Thursday, January 24, 2013

Fiction and NonFiction: The Failure of Labels

By James Curcio

Anyone that knows me knows that, to begin with, I hate labels. So I'm going to be upfront with my bias. I think it's only fair that people are upfront about things like that, and I think that we would all be better off if we were more honest with ourselves and each other about things like that -- but that's what the next post is about, not today's.

I also am not going to provide any psychological commentary on the fact that I feel this way about categorization, and my wife is a librarian.

No, today's post is about labels. And a particular kind of labeling at that. It is about the distinction that we draw between fiction and non-fiction. It is a big red line drawn between two "types" of writing, and two intentions. It is, fundamentally, about the fact that we, the collective we, actually have no idea what we are talking about most of the time, but we simply don't look at anything close enough, so everything seems alright.

Most people just take these sort of things as a given, accept that we must label things "fiction" and "non-fiction" to get on with life and one another, and leave it at that. This strikes me as impossibly dangerous and even verging on insane. That is something else about me.

Of course, many people will be quite pleased to argue to no end about sub-categories of fiction and non-fiction writing, and what constitutes which, and they are even more pleased to argue about genre, a topic I have touched on in the past myself. (Here is an interview with a fellow author Elizabeth Spann Craig where we discuss this topic, among others.)

blending genres or lost in the fade?
art by jouram roukas
But as you may have noticed, my er "touching" was of quite a different sort than is normal. Because I am not concerned with what books should fall into which category. I don't give a damn. I'm concerned instead with what labeling actually does to us. I'm concerned with how the categories that we draw affect our thinking, even affects who we are as people, how we are as people. This is, fundamentally, the underlying topic of this website, in fact--not fiction or non-fiction, but rather how the often rote or automatic narratives that we create and live by create our world. I'm pleased to talk also about the intentional narratives as well, but it is often the unintentional ones, the unconscious ones, that bite deepest because of their nature as invisible.

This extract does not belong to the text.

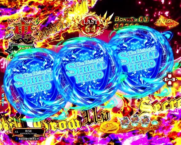 アルティメットBONUS MAX 通常時の全回転リーチから発生する3000個+αの大当り。消化後は裏アルティメットタイムへ突入する。 アルティメットBONUS 通常時の波襲来BATTLE勝利から発生する1800個+αの大当り。消化後は裏アルティメットタイムへ突入する。 盾の勇者の成り上がりBONUS 通常時に発生する300個の大当り。消化中に発生するRISINGチャレンジ成功でRISING RUSHへ突入し、失敗で通常時へ戻る。 ※HAZUSE調べによるものです。

Like many of the ways that we carve, chop, and delineate our lives, more is revealed in what is assumed than what is considered. As such, I feel that there is really no topic that should be left untouched in our exploration.

So before we can even talk about our assumptions, let's consider delineation. It is important not so much for the purposes of accurate or inaccurate categorization as the reality that the very process of doing so creates. Is this clear? It is of no concern to me if Star Wars is or is not Science Fiction, but it is of great concern what Science Fiction means, and why we should feel compelled to put it in that box in the first place.



As a writer, if we are to consider ourselves as "fiction" or "non-fiction" writers at the get-go, we are structuring the way that we look at the world, not only as writers, but also as people. For instance, I believe that Hunter S Thompson used who he was as a person, or at least a comfortable persona that he could wear, as a means of creating a new style of "journalism," because he quite simply had to be the person he was, and it was too freakish for him to fit into any of the boxes that the system provided for him. He was, for a time, a strong enough personality that he could pull that off. This is the trick that many of the "greats" do in fact pull off, each in their unique way, and for all of them it is because they refuse to follow the rote.

Art: Nathanel St Amour
Many writers are satisfied to follow the rules, and part of this is because publishers make it damn near impossible to do it any other way, because it is easier and certainly safer for them to, and it is also a safe assumption that for every one Hunter S Thompson, there are 1000 lazy writers who don't want to fall into a category out of that laziness, rather than because they have given great thought to what categorization would do to their style, and more importantly, who they are as people.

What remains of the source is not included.